Abstract: The environmental parameters impacting seasonal development of chasmogamous and cleistogamous flowers of Viola pubescens were investigated during the summers of 2016 and 2017. V. pubescens produces two distinct flower types at different times of the season: chasmogamous (CH), showy open flowers that are cross-pollinated and generate genetically diverse seeds during the spring, and cleistogamous (CL), bud-like and mechanically closed flowers which force self-pollination in the summer. While separate production of the two flowers is believed to be influenced by environmental factors, neither the environmental cue nor the genetic mechanism that signal for each flower type is known. To investigate the environmental cue, ten quadrats were randomly selected over native populations along a forty meter transect in Sells Park, Athens, Ohio. For each quadrat, measurements of temperature, light quantity, soil moisture, soil pH, canopy openness and the number of CH or CL buds were collected during the spring and summer.
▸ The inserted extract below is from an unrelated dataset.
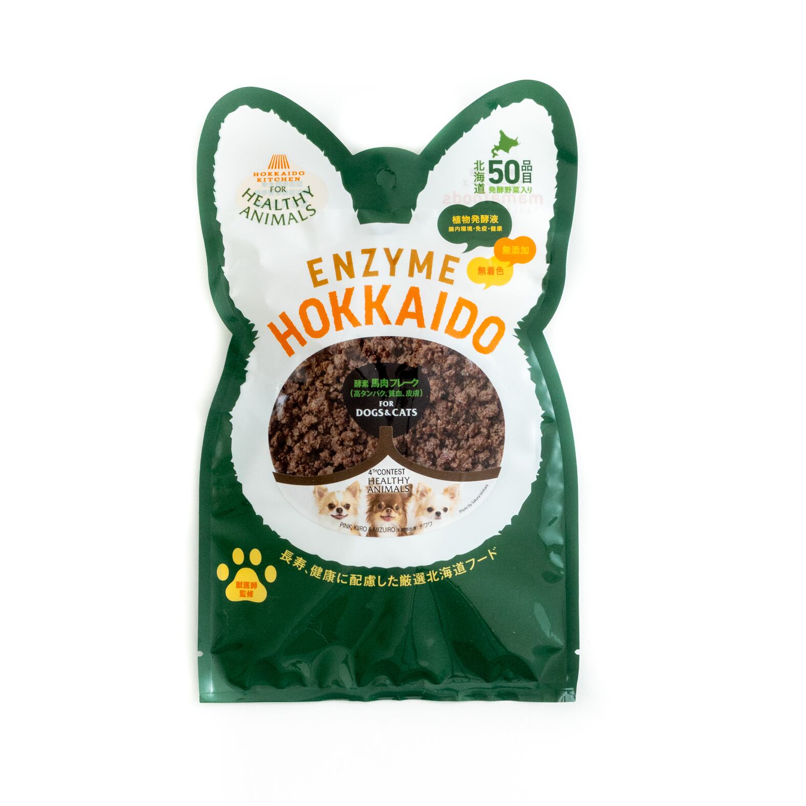 大切なペットの健康を考え、北海道産植物発酵酵素を配合した健康でおいしいフードです。

Statistical analyses using zero-inflated negative binomials, indicate that temperature and light quantity are significant factors leading to the transition of CH to CL flowers, and Logit probability models for the temperature and light data provide thresholds at which CH or CL flowering is most probable. Additionally, differences in gene expression between CH and CL flowers were observed via differential expression and weighted gene correlation network analyses on RNAseq data for each flower type. Tissue-specific transcriptional networks were identified indicating gene regulation by temperature and light, supporting the environmental data. These data will be used to construct models of the environmental and genetic signaling leading to production of each flower type.

Alexander Meyers Presenting his research at ASPB.

Alexander Meyers presented his research at ASPB.

Alexander Myers presented a poster presentation on his dissertation research: Plant response under fractional gravity.”

His co-authors are Nathan Madonich and Chris Wolverton of Ohio Wesleyan University and Wyatt.

Abstract:  A plant’s ability to sense and respond to gravity is critical to its proper growth and development. As humans begin to explore extraterrestrial environments, plants will be a vital source of food and bioregenerative life support. However, the evolution of plants has prepared them only for the 1g conditions of Earth. Gaining an understanding of how plants will grow under the conditions of low earth orbit (0g), Earth’s moon (0.16g), and Mars (0.38g) is critical to the success of human space exploration. EMCS-PGP (European Modular Cultivation System- Plant Gravity Perception) is an experiment designed to assess the physical and transcriptomic effects of fractional gravity on Arabidopsis seedlings. Over 1,200 seedlings were loaded into EMCS seed cassettes and sent to the International Space Station. The cassettes were loaded onto the EMCS rotor, and subjected to centrifugal force equating to g levels between 0.006g to 1g. Root and hypocotyl bending were assessed by still images collected during the experiment. After the experiment the seedlings were frozen and returned to Earth for molecular analysis. Seedlings were dissected into root tip, root, hypocotyl, and cotyledon fractions, their RNA extracted, and sent for sequencing to assess tissue- and gravity-specific transcriptomic effects.